Reproduce exactly the lines below, from the first one through the line containing "- 주주는 상대방의 파산", and omit any pictures.

• Data records
□ □ □ □ □

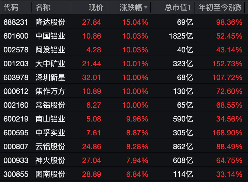 上午,A股有色板块震荡走强,相关个股掀“涨停潮”,有色板块成为市场热点。个股方面,深圳新星一字涨停,闽发铝业、常铝股份直线涨停,中国铝业10cm涨停,大中矿业、焦作万方、南山铝业纷纷涨停,有色板块个股表现抢眼。
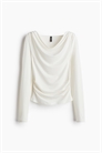 Короткий приталенный топ из эластичного джерси с вырезом-лодочкой, длинными рукавами и сборками по боковым швам для создания эффекта драпировки.
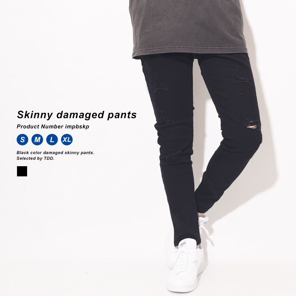 ストレッチが効いたダメージ加工のスキニーパンツ。
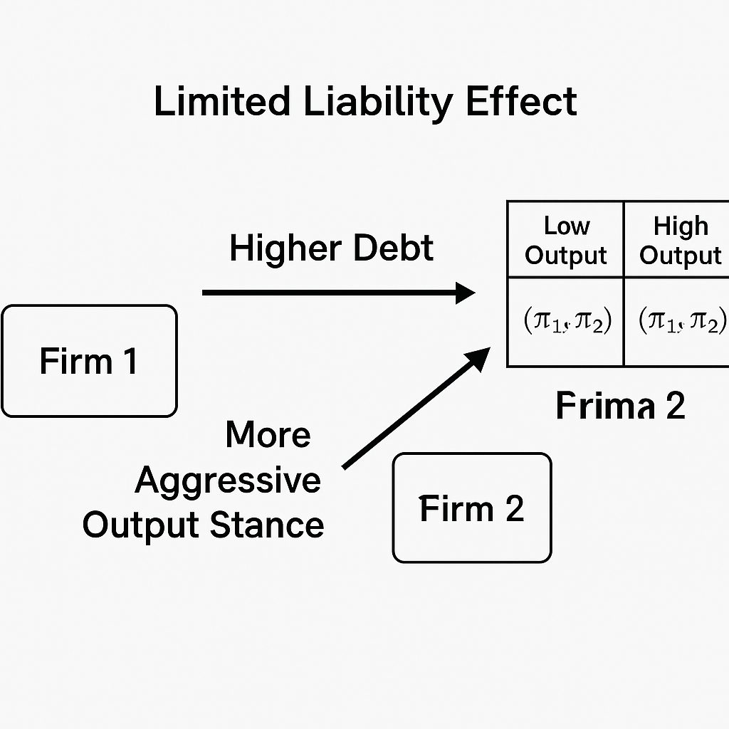 - 주주는 상대방의 파산 확률을 높이기 위해 생산량을 조정할 유인이 생기며, 이는 은닉적 게임(commitment) 관점에서 금융구조가 전략 수단이 됨을 보여줍니다.
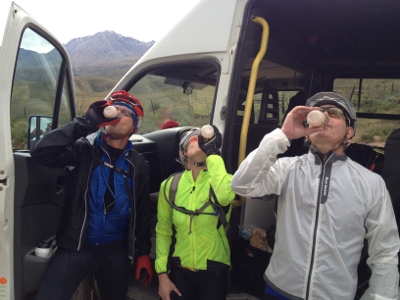Being up ahead we only connected with the vehicle once at 45km so we had a few logistical challenges. Mainly Rob and Colin ran low on water. Colin had 2 full bottles from where where we did meet the bus, but almost drained them within 35km making him quite worried about the next 35! Rob also had water issues. In fact Rob had a few issues today, including the lack of downhill and tailwind, once suggesting that the little climbs were like naughty children – they just wouldn’t stop.

□ □ □ □ □

• Solved problem
 上午,A股有色板块震荡走强,相关个股掀“涨停潮”,有色板块成为市场热点。个股方面,深圳新星一字涨停,闽发铝业、常铝股份直线涨停,中国铝业10cm涨停,大中矿业、焦作万方、南山铝业纷纷涨停,有色板块个股表现抢眼。
 Короткий приталенный топ из эластичного джерси с вырезом-лодочкой, длинными рукавами и сборками по боковым швам для создания эффекта драпировки.
 ストレッチが効いたダメージ加工のスキニーパンツ。
 - 주주는 상대방의 파산 확률을 높이기 위해 생산량을 조정할 유인이 생기며, 이는 은닉적 게임(commitment) 관점에서 금융구조가 전략 수단이 됨을 보여줍니다.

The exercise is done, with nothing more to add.